This series of Gran Hermano also immerses itself into classic Big Brother casting twists, as a mother-daughter duo will be featured for the very first time with actress Yuyuniz Navas and her daughter Antonia Casanova.

Also, this series features the classic twin twist. Identical twins, Maria Camila & Valentina Abello will compete as Valentina, until further notice, and will be switching places via the Diary Room every 24 hours while they swap clothes and exchange information. They were the final housemates to be revealed during the live move-in episode. Their twist was revealed on Day 11 (22 July 2024), following the first eviction of the series, and the twins left the house on Day 14 (25 July 2024) as producer's determined their mission was over.

====Returning contestants====

Controversial housemate from Gran Hermano 1, Sebastián Ramírez, was featured as one of the original Celebrity housemates during this season.

====The Red Phone====

A twist that returned this season is the Red Phone, which requires houseguests to answer a red phone and execute whatever punishments or enjoy whatever rewards Gran Hermano provides to the houseguest who takes the phone call.
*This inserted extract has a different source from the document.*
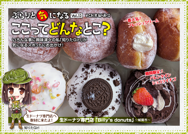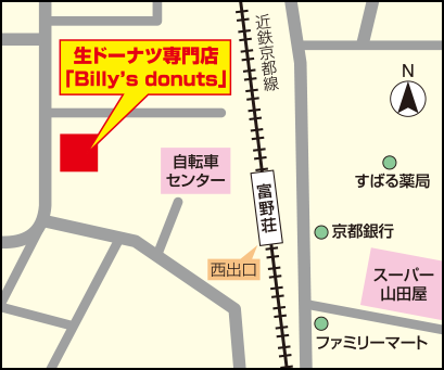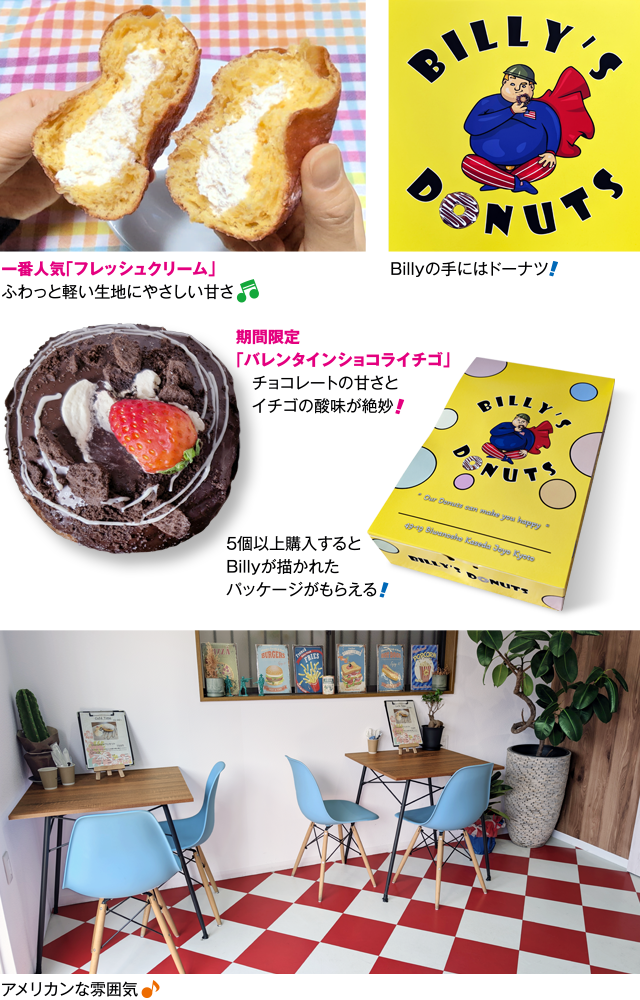 近鉄富野荘駅の近くに、生ドーナツの専門店があると聞き、さっそく訪れてみました。店内に入ると、カウンターにはヒーローの格好をしたキャラクターが描かれており、名前は「Billy」。

Here are the instances where it was featured in this season:
- Day 12: Camila A. received a message from a loved one.
- Day 26: Michelle staged a fake exit from the house. She ended up back in the SUM watching the reactions to her staged exit from the rest of the house.
- Day 28: Yuhui had to put a fellow housemate up for eviction. He chose Diego.
- Day 32: Waldo had to choose two of his fellow housemates to become the house's servants for 24 hours.
- Day 33: Camila A. was privileged to upgrade one of that week's Basement housemates to the Main house, and vice versa, downgrading a Main housemate to the Basement. She upgraded Michelle and downgraded Camila P.
- Day 35: Alexandra earned the chance to save a nominee from that week's eviction. She saved Camila A.
- Day 56: Manuel earned the chance to save a nominee from that week's eviction. He saved himself.
- Day 60: Patricio received a message from a loved one.
- Day 90: Carlyn had to put a fellow housemate up for eviction. She chose Yuhui.
- Day 90: Waldo watched his fellow housemates' nominations live from the SUM.
- Day 95: Felipe had to evict one of his fellow housemates on the spot. He chose Miguel, however, this was another fake exit as Miguel ended up back in the SUM watching the reactions about his staged exit from the rest of the house.

====The Basement====

This season will feature another staple twist of the international Big Brother format, dubbed in Spanish, El Sótano (or the Basement in English). This additional room will be for the losing housemates of the weekly budget task, where they will live in very minimal and cruel conditions. The Basement space was formally closed on Day 60 (9 September 2024), and all housemates would move to the main house. The first weekly competition would now determine who would be eligible to compete to become that week's Head of Household.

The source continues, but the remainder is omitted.